In this Jupyter Notebook, we will explore the power of multimodal embeddings to cluster images into different groups. Our goal is to classify images into three categories: kitchen, bedroom, and bathroom. We will leverage the capabilities of vector databases and Amazon Titan Multimodal Embeddings in Amazon Bedrock to achieve this task. Additionally we will make use of Amazon Bedrock Batch Inference to get the embeddings for a larger number of images. 

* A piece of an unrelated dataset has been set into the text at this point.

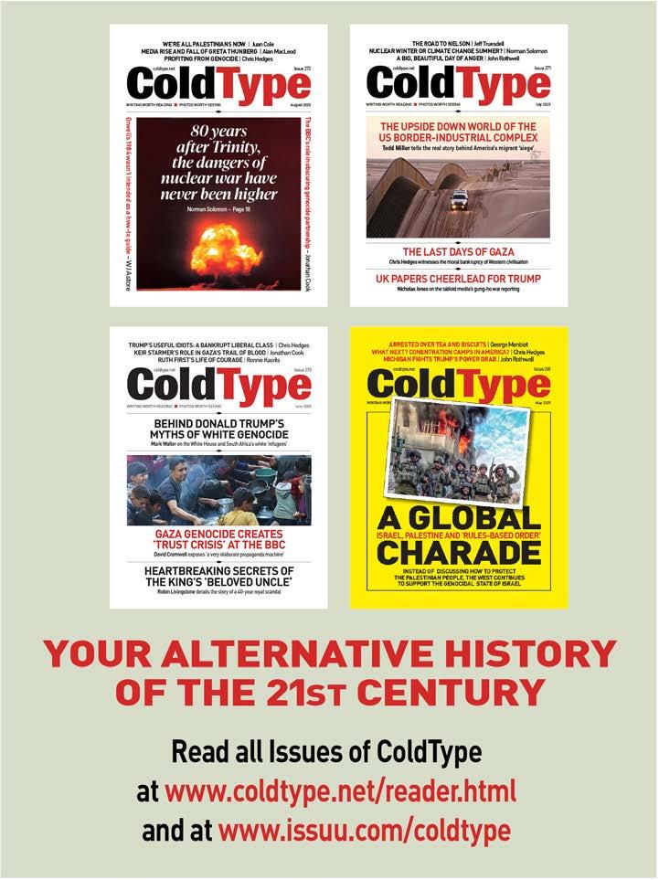 The contents of the articles in ColdType are the sole responsibility of the author(s). ColdType is not responsible for any inaccurate or incorrect statements they may contain

#### Preview SDK for Batch Inference
At the time of creating this notebook, Batch Inference for Amazon Bedrock is still in public preview. To complete this notebook we will download and install the boto3 and botocore clients versions which include the preview.  

In [None]:
from utils import process_zip

In [None]:
process_zip("https://d2eo22ngex1n9g.cloudfront.net/Documentation/SDK/bedrock-python-sdk-reinvent.zip")

In [None]:
!pip uninstall botocore boto3 -qy  
!pip install -q preview-sdk/botocore-1.32.4-py3-none-any.whl
!pip install -q preview-sdk/boto3-1.29.4-py3-none-any.whl

### Install and import needed libraries
For this notebook to run correctly, we will need to install, import and initialize the necessary libraries and clients. 

In [None]:
!pip install -q pinecone-client

In [None]:
import os
import time
import json
import boto3
import base64
import datetime
from PIL import Image
from utils import resize_image, process_zip
from pinecone import Pinecone, PodSpec

# Boto3 clients
s3_client = boto3.client('s3')
iam_client = boto3.client('iam')
sts_client = boto3.client('sts')
bedrock_client = boto3.client('bedrock')
bedrock_runtime = boto3.client(service_name="bedrock-runtime")

# Account and region info
session = boto3.session.Session()
region = session.region_name
account_id = sts_client.get_caller_identity()["Account"]

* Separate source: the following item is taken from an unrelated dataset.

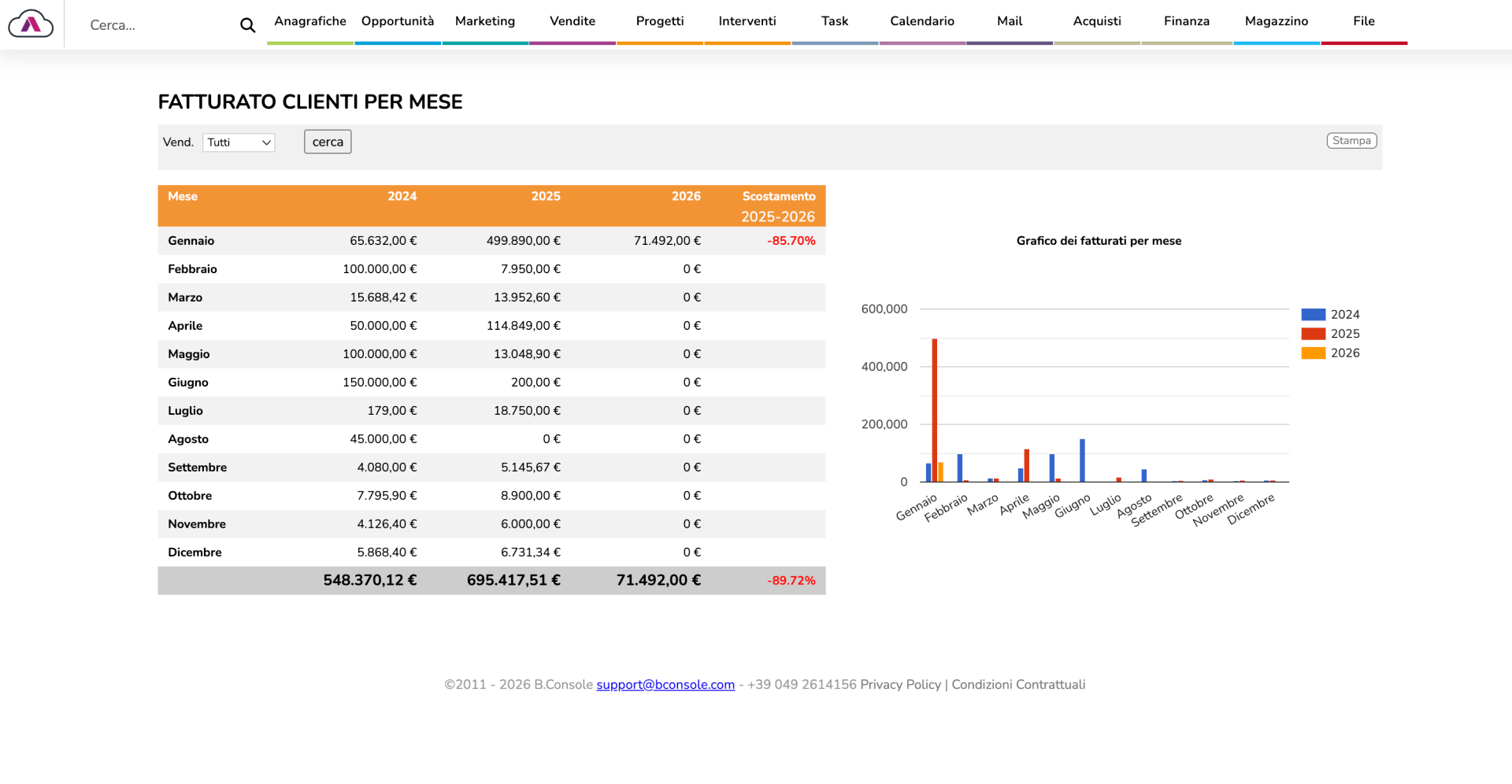 Dashboard direzionale con KPI finanziari real-time e report personalizzabili per banche, CDA e revisori. Tutto esportabile con un click.

### Amazon Bedrock Titan Multimodal Embeddings (TMME)
In this section of the notebook we will create the functions needed to retrieve embeddings using Amazon Bedrock TMME. 

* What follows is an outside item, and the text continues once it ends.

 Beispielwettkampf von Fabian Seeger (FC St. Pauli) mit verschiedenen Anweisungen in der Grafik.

#### Define output embedding length
Titan Multimodal Embeddings gives you the option to create embeddings with three vector sizes: 1024, 384 or 256

In [None]:
outputEmbeddingLength = 1024 # Define output vector size – 1,024 (default), 384, 256

#### Image embeddings
This function will transform an image into an embeddings vector using TMME. 

In [None]:
def get_embeddings_of_image(image, outputEmbeddingLength = outputEmbeddingLength):
    with open(image, "rb") as image_file:
        imageEncoded = base64.b64encode(image_file.read()).decode('utf8')

    body = json.dumps(
        {
            "inputImage": imageEncoded,
            "embeddingConfig": { 
                "outputEmbeddingLength": outputEmbeddingLength
            }
        }
    )

    response = bedrock_runtime.invoke_model(
        body=body,
        modelId="amazon.titan-embed-image-v1",
        accept="application/json",
        contentType="application/json"
    )

    vector = json.loads(response['body'].read().decode('utf8'))
    return vector

### Pinecone Vector Database

[Pinecone](https://www.pinecone.io) is a vector database that allows you to store and retrieve high-dimensional vectors efficiently. In this notebook, we will be using Pinecone to store the image embeddings generated from our image data.

Vector databases like Pinecone are particularly useful for similarity search tasks, where you want to find the closest matches to a given query vector. By storing our image embeddings in Pinecone, we can easily perform tasks like image similarity search, clustering, and recommendation systems.

Before we can start using Pinecone, we need to set up a Pinecone account and create an index. An index in Pinecone is a collection of vectors that can be queried and updated.



### Store embeddings in the vector database
Now we know how to get embeddings for our content, we are going to store them in a vector database to later on query and retrieve results. 

To complete this section you will need to create a free account with Pinecone which includes a free index to test and retrieve your API key. 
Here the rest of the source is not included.